Determining damages in the patent infringement context may often present the biggest challenge to the plaintiff, particularly for the plaintiff that is an individual and not familiar with the market for the infringing product. Typically, the plaintiff will need to make various assumptions about market size, reasonable royalty, and lost profit. Likewise, the defendant will need to do so, but may not have to make assumptions about lost profit since this information would already be maintained by the defendant in its normal course of business. Thus the defendant may have an advantage in assessing potential damages.

In view of the above factors, it may actually be that the defendant has the advantage in assessing the strength of a patent infringement case at the outset – both in terms of liability and damages.

If, indeed, the defendant and its counsel have an advantage over the plaintiff in assessing the strength of a patent infringement case, and consequently are in a better position to avoid risk, does it not make sense that the defendant's counsel would actually be in a better position than plaintiff's counsel to represent a party on a contingency basis.

If the defendant in a patent infringement suit may be in a better position than the plaintiff to evaluate the risks of litigating the suit, how can the defendant obtain representation on a contingency basis? Here are four basic steps.

One, evaluate liability critically. If this is possible before suit, the evaluation should include defenses of anticipation, obviousness, enablement, and inequitable conduct. Other potential defenses may be relatively difficult to evaluate in the absence of formal discovery, such as inventorship and best mode.

The liability evaluation must, of course, include infringement. This should include interviews of the inventors as they will likely be deposed on infringement, as well as obviousness, enablement, best mode, and inventorship.

Allegations of inequitable conduct are always a common tactic, particularly if infringement and validity are strong. Accordingly, picking apart the file history for misstatements, half-statements, and omissions is essential.

Two, evaluate potential damages conservatively. Interview financial and accounting personnel to determine profitability of the infringing product. Interview marketing and sales personnel to determine sales projections, market share, and reasonable royalties. Based on the foregoing, a worst case scenario for past and future damages may be calculated.

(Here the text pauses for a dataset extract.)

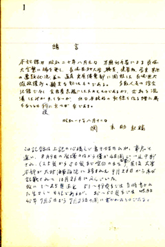 | 泰山弘道の著書「長崎原爆の記録」の英語版原稿の写しである。タイトルは“THE RECOLLECTION OF ATOMIC BOMBBARDMENT ON NAGASAKI”、1955(年)と記されている。 |

Third, assign probabilities of success by the plaintiff in proving liability and damages. Based on those probabilities and the above damage calculation, a damage exposure amount can be calculated.

Fourth, assign a success or contingency percentage for settling the suit or obtaining a judgment at an amount that is less than the damage exposure. As an example, if the savings between the damage exposure and the settlement/judgment is "X", then the contingency fee to the defendant's attorney may be "Y" percent of "X".

Many contingency fee arrangements for defense counsel are possible. The contingency fee can be based solely on the savings between the settlement/judgment and damage exposure – which may be particularly workable where the damage exposure is quite high. In another situation, the defendant counsel's fee may be a mix of hourly fee and contingency fee based on the savings.

Is the defense of a patent infringement suit on a contingency basis a new paradigm? It does not appear so, and can be implemented with four primary steps.